Stressed out

Here are the best and worst performers in the Fed’s latest stress test

March 20, 2014
March 20, 2014

The results of the Federal Reserve’s latest test of the US financial system’s ability to withstand severe shocks are in. While 29 out of 30 institutions passed muster, some looked stronger than others.

Simply stated, the annual test administered by the Fed since 2009, is meant to evaluate a bank’s ability to withstand severe economic disruptions and still maintain healthy enough levels of capital to continue to lend.

A key measure of capital is something known as the “tier 1 capital ratio.”  The Fed requires that banks maintain a minimum tier 1 capital ratio of 5% under their stress test. That means the bank’s highest quality assets, such as its holdings of highly rated government bonds, must represent 5% of the its total “risk-weighted” assets. (An article in the Financial Times here does a good job of explaining capital ratios.)

Of the 30 banks the Fed looked at, only Zions Bancorp fell short of the Fed’s 5% target for tier 1 capital ratios. Under the extreme market and economic conditions the Fed used for the test, Zion’s tier 1 capital ratio fell to 3.5% Here’s a chart of some of the other lower performing firms.

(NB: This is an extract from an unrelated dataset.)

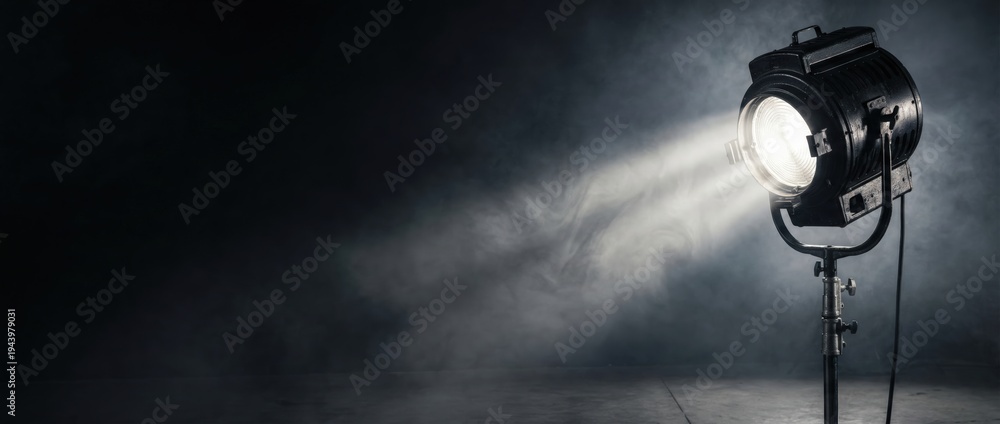 Illuminating stage action spotlight studio photography dark environment close-up view concept of focused light for creative projects #1943979031

Worst-performers-in-Federal-Reserve-stress-test-of-capital-levels-Tier-1-capital-as-a-share-of-bank-assets-_chartbuilder

On the other hand, here’s a look at some of the financial institutions that fared the best in the Fed’s test. The entities that topped the rankings are credit card companies, such as American Express, and custodial banks—such as State Street. The Fed found that these financial companies benefitted—among other things—from the fact that they had less exposure to potential trading losses than large Wall Street banks.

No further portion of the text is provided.